* _REQUIRED ACTION_: What you give back should be exactly the lines from the one with "Lo schermo a" through the end of the data, without the pictures.

* _AVAILABLE RECORDS_:
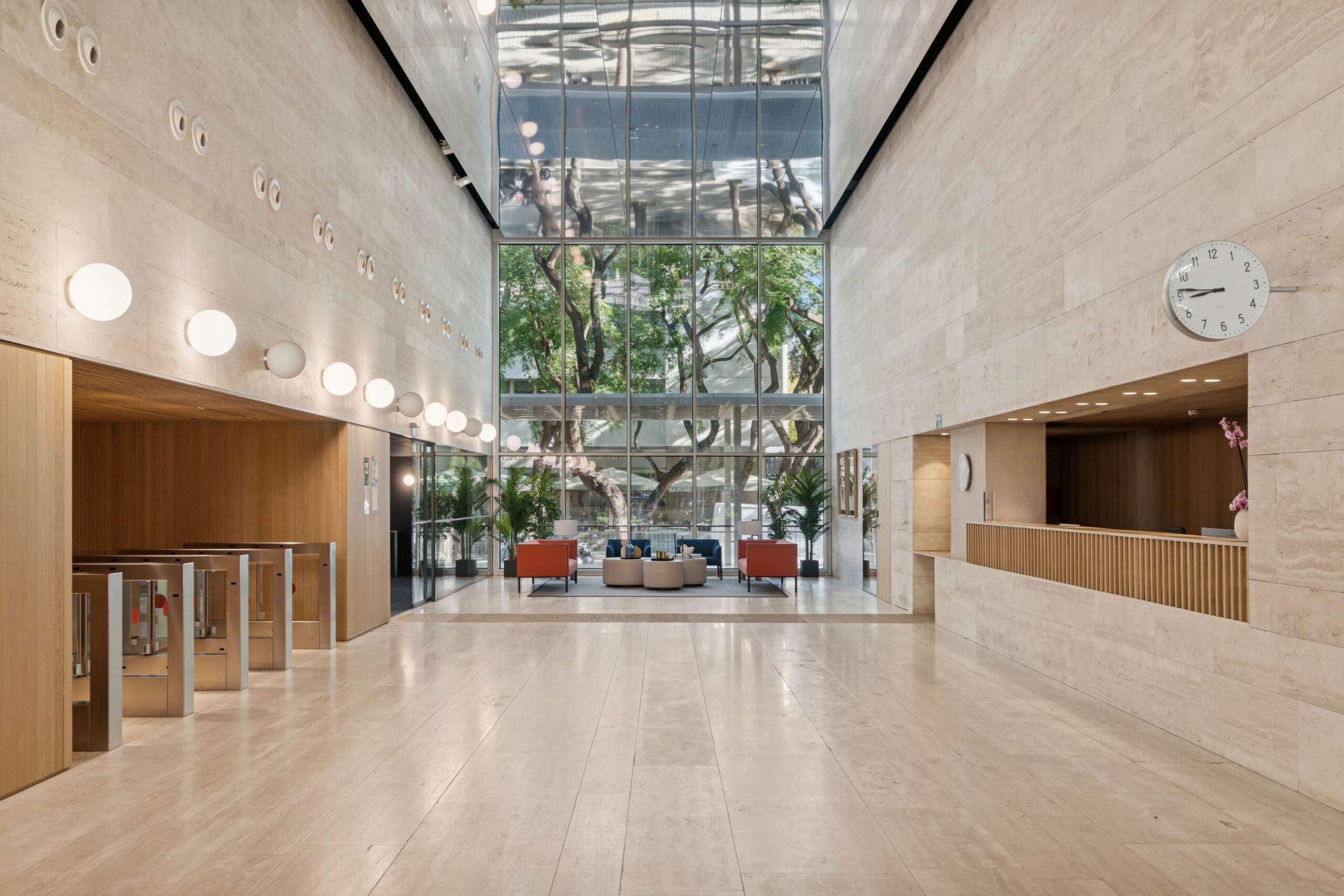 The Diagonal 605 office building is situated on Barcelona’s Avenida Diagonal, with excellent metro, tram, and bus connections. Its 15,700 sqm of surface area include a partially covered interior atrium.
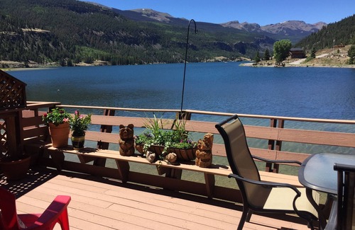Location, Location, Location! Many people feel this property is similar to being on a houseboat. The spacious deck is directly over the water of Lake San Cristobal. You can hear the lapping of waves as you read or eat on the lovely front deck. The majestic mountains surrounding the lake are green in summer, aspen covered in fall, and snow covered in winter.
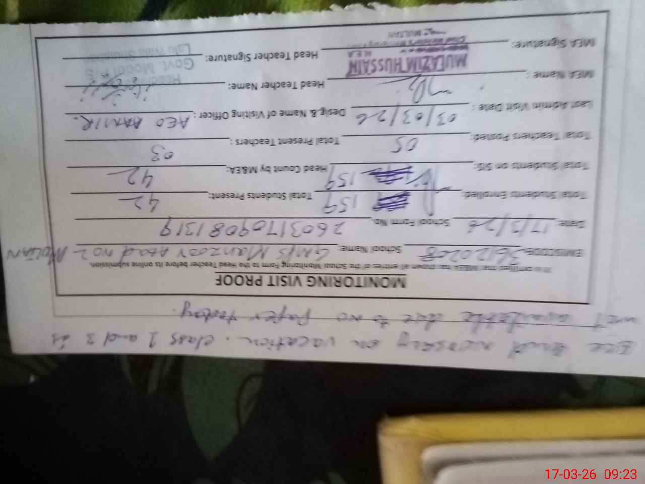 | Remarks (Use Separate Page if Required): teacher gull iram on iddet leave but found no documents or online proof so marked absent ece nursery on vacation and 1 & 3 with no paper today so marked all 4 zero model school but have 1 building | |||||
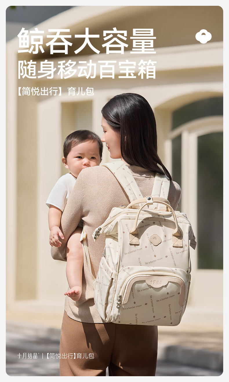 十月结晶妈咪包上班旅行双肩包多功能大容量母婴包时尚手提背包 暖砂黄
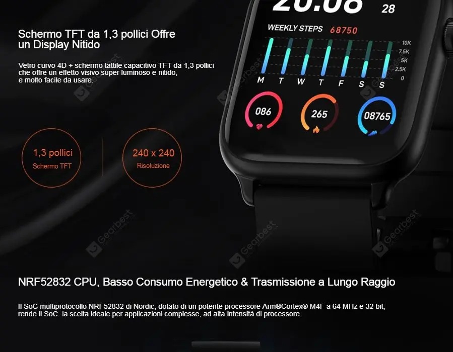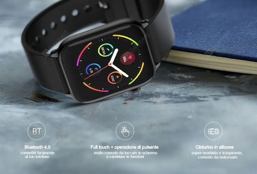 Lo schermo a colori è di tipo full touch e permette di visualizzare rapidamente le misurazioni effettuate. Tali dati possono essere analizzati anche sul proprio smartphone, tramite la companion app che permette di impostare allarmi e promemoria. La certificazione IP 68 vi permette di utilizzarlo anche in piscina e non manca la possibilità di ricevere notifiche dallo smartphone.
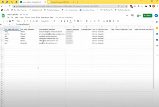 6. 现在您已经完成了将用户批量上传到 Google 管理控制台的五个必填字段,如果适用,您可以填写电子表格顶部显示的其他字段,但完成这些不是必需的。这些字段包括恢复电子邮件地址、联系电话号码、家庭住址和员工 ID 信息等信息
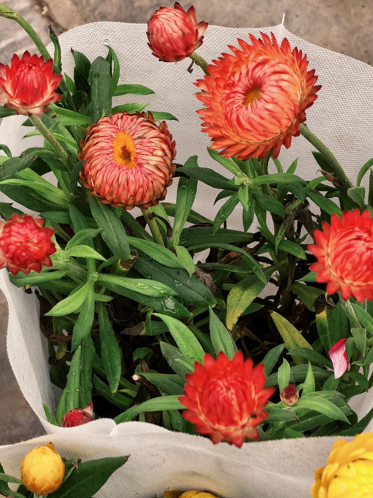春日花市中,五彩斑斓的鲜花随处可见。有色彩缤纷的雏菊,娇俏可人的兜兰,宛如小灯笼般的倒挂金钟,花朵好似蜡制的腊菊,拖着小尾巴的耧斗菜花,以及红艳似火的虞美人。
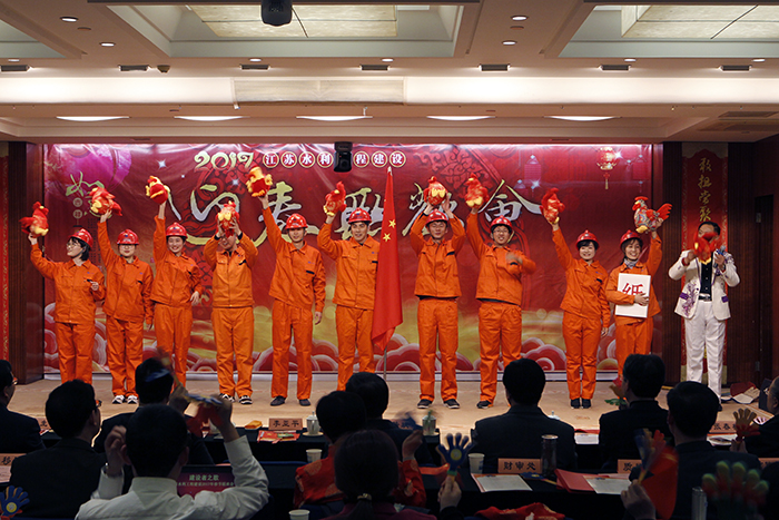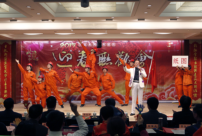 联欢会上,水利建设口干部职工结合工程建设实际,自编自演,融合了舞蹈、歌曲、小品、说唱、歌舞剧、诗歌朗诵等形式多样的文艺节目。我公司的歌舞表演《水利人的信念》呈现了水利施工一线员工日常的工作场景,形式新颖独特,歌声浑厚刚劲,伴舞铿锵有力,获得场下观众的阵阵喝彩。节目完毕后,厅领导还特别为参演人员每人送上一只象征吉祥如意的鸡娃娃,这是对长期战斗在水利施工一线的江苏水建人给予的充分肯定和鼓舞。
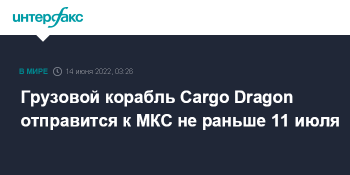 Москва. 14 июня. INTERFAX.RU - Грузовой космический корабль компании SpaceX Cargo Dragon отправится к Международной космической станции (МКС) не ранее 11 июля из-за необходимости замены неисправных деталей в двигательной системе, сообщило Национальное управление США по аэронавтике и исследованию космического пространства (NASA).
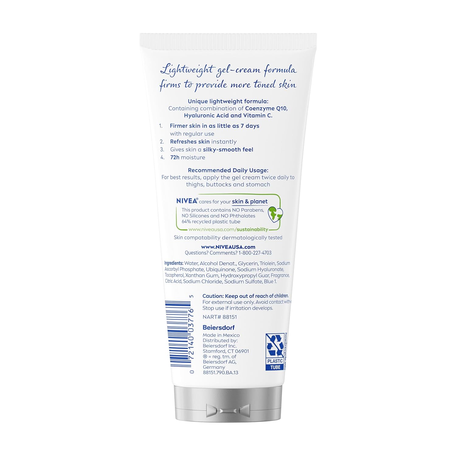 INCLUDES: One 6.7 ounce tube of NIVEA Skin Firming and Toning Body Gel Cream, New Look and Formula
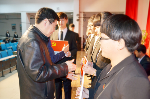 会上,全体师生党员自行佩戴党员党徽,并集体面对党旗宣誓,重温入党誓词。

* _PROBLEM SOLUTION_:
 Lo schermo a colori è di tipo full touch e permette di visualizzare rapidamente le misurazioni effettuate. Tali dati possono essere analizzati anche sul proprio smartphone, tramite la companion app che permette di impostare allarmi e promemoria. La certificazione IP 68 vi permette di utilizzarlo anche in piscina e non manca la possibilità di ricevere notifiche dallo smartphone.
 6. 现在您已经完成了将用户批量上传到 Google 管理控制台的五个必填字段,如果适用,您可以填写电子表格顶部显示的其他字段,但完成这些不是必需的。这些字段包括恢复电子邮件地址、联系电话号码、家庭住址和员工 ID 信息等信息
春日花市中,五彩斑斓的鲜花随处可见。有色彩缤纷的雏菊,娇俏可人的兜兰,宛如小灯笼般的倒挂金钟,花朵好似蜡制的腊菊,拖着小尾巴的耧斗菜花,以及红艳似火的虞美人。
 联欢会上,水利建设口干部职工结合工程建设实际,自编自演,融合了舞蹈、歌曲、小品、说唱、歌舞剧、诗歌朗诵等形式多样的文艺节目。我公司的歌舞表演《水利人的信念》呈现了水利施工一线员工日常的工作场景,形式新颖独特,歌声浑厚刚劲,伴舞铿锵有力,获得场下观众的阵阵喝彩。节目完毕后,厅领导还特别为参演人员每人送上一只象征吉祥如意的鸡娃娃,这是对长期战斗在水利施工一线的江苏水建人给予的充分肯定和鼓舞。
 Москва. 14 июня. INTERFAX.RU - Грузовой космический корабль компании SpaceX Cargo Dragon отправится к Международной космической станции (МКС) не ранее 11 июля из-за необходимости замены неисправных деталей в двигательной системе, сообщило Национальное управление США по аэронавтике и исследованию космического пространства (NASA).
 INCLUDES: One 6.7 ounce tube of NIVEA Skin Firming and Toning Body Gel Cream, New Look and Formula
 会上,全体师生党员自行佩戴党员党徽,并集体面对党旗宣誓,重温入党誓词。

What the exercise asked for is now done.